Crazy Horse: A Life
- Cover of Crazy Horse: A Life
- Author: Larry McMurtry
- Language: English
- Subject: Crazy Horse (Lakota leader)
- Genre: Biography
- Publisher: Penguin Books
- Publication date: 1999
- Publication place: United States

= Crazy Horse: A Life =

1999 book by Larry McMurtry

Crazy Horse: A Life is a 1999 American book by Larry McMurtry about Crazy Horse. It is a "short life" book. McMurtry was offered to do one on Custer but did Crazy Horse instead.

== Background ==
McMurtry wrote Crazy Horse following a period of literary malaise, precipitated by heart bypass surgery.
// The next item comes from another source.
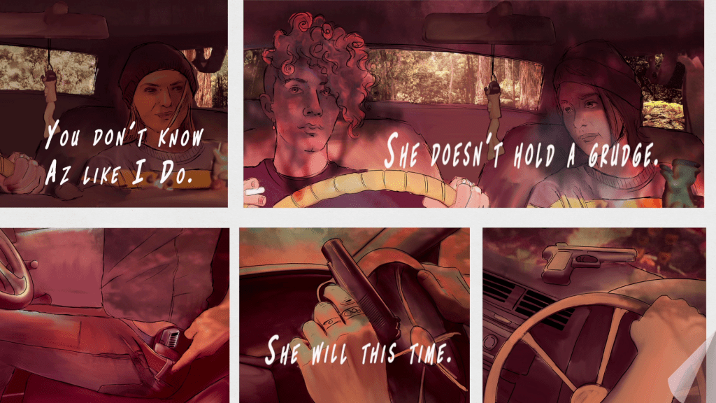 Visually, Ashes presents itself as a hand-crafted interactive graphic novel, using stark, gritty artwork to capture the mood of regional Victoria. The panel-based presentation emphasizes isolation and unease, reinforcing the sense that Azar is never truly safe even in places meant to offer shelter.

A profile in The Wall Street Journal noted that he "recovered a sense of himself as a writer only after he began" working on the book, writing by long hand.

== Reception ==
Peter Aykroyd of The New York Times wrote "Crazy Horse remains a figure trapped in a history that he himself only partly understood, and the narrative must essentially remain at the level of supposition rather than of truth. McMurtry is good at the less intimate moments, however, when he suggests that mutual incomprehension between white settlers and Indians led to sporadic and at first inconclusive warfare. And this apparently objective story is striated with the gleams and intimations of the novelist shrouded within the biographer."